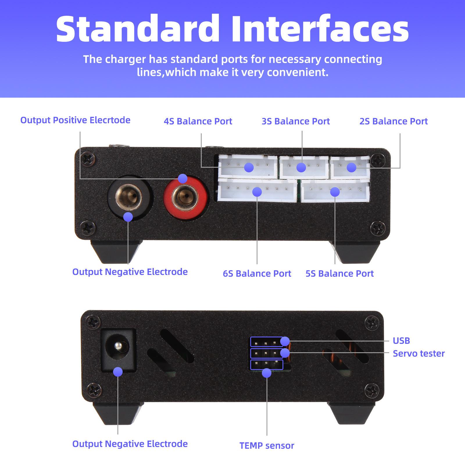4. Adecuado para LiPo/LiFe/LiHV/Li-ion de 1-6s, NiCD/NiMH de 1-15s, PB de 2-20V y Batería Inteligente I/II/III. Identifica automáticamente el número de celdas en la batería de litio. El cargador de batería con control remoto D610 es una versión mejorada del B6 y tiene múltiples modos de carga: Carga, Carga Balanceada, Descarga, etc. Cuando la batería está completamente cargada, el cargador detendrá automáticamente la carga.
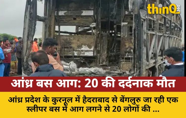 आंध्र प्रदेश (Andhra Pradesh) के कुरनूल (Kurnool) में हैदराबाद (Hyderabad) से बेंगलुरु (Bengaluru) जा रही एक स्लीपर बस (sleeper bus) में आग लगने से 20 लोगों की दर्दनाक मौत हो गई। यह हादसा तड़के सुबह 4 बजे के करीब हुआ जब बस एक दोपहिया वाहन से टकरा गई।
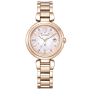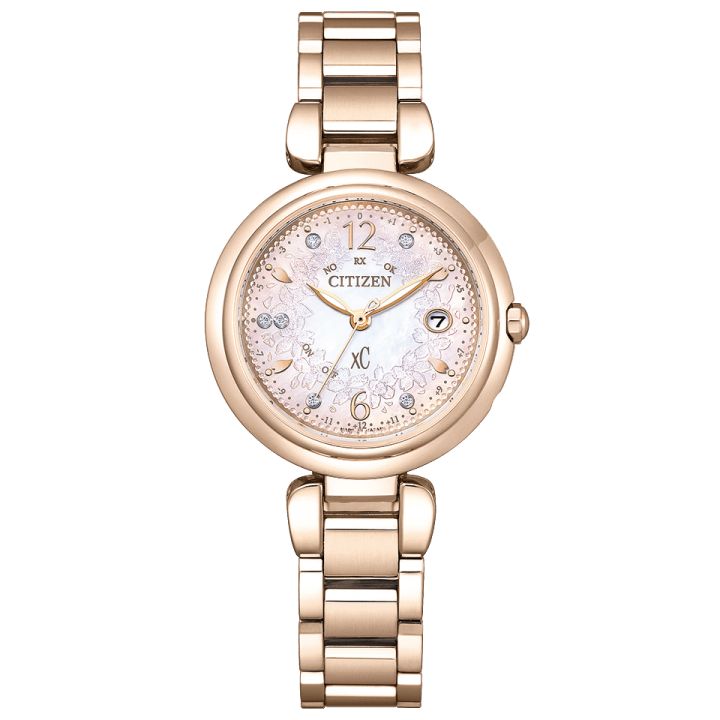 Citizen xC Mizu Collection Limited Edition ES9467-62W - ladies watch made by Citizen. It is equipped with Japanese solar quartz movement and H060 calibre. Super titanium, duratect sakura pink case of round shape. Case dimensions are 29 mm. in diameter and 8.2 mm. in thickness. The dial of this Citizen watch is mother of pearl. Display type: analog. This timepiece has sapphire, antireflection coating glass. Super titanium, duratect sakura pink band, band color: gold. 50 m. water resistance. The watch is from xC collection. The following features are equipped: glowing hands, radio controlled, antimagnetic, diamond set, date, power reserve indicator, world time, perpetual calendar, limited edition.

THE PROBLEM:
Would you output the full listing exactly as it stands, minus the images?

RESPONSE TO THIS TASK:
4. Adecuado para LiPo/LiFe/LiHV/Li-ion de 1-6s, NiCD/NiMH de 1-15s, PB de 2-20V y Batería Inteligente I/II/III. Identifica automáticamente el número de celdas en la batería de litio. El cargador de batería con control remoto D610 es una versión mejorada del B6 y tiene múltiples modos de carga: Carga, Carga Balanceada, Descarga, etc. Cuando la batería está completamente cargada, el cargador detendrá automáticamente la carga.
 आंध्र प्रदेश (Andhra Pradesh) के कुरनूल (Kurnool) में हैदराबाद (Hyderabad) से बेंगलुरु (Bengaluru) जा रही एक स्लीपर बस (sleeper bus) में आग लगने से 20 लोगों की दर्दनाक मौत हो गई। यह हादसा तड़के सुबह 4 बजे के करीब हुआ जब बस एक दोपहिया वाहन से टकरा गई।
 Citizen xC Mizu Collection Limited Edition ES9467-62W - ladies watch made by Citizen. It is equipped with Japanese solar quartz movement and H060 calibre. Super titanium, duratect sakura pink case of round shape. Case dimensions are 29 mm. in diameter and 8.2 mm. in thickness. The dial of this Citizen watch is mother of pearl. Display type: analog. This timepiece has sapphire, antireflection coating glass. Super titanium, duratect sakura pink band, band color: gold. 50 m. water resistance. The watch is from xC collection. The following features are equipped: glowing hands, radio controlled, antimagnetic, diamond set, date, power reserve indicator, world time, perpetual calendar, limited edition.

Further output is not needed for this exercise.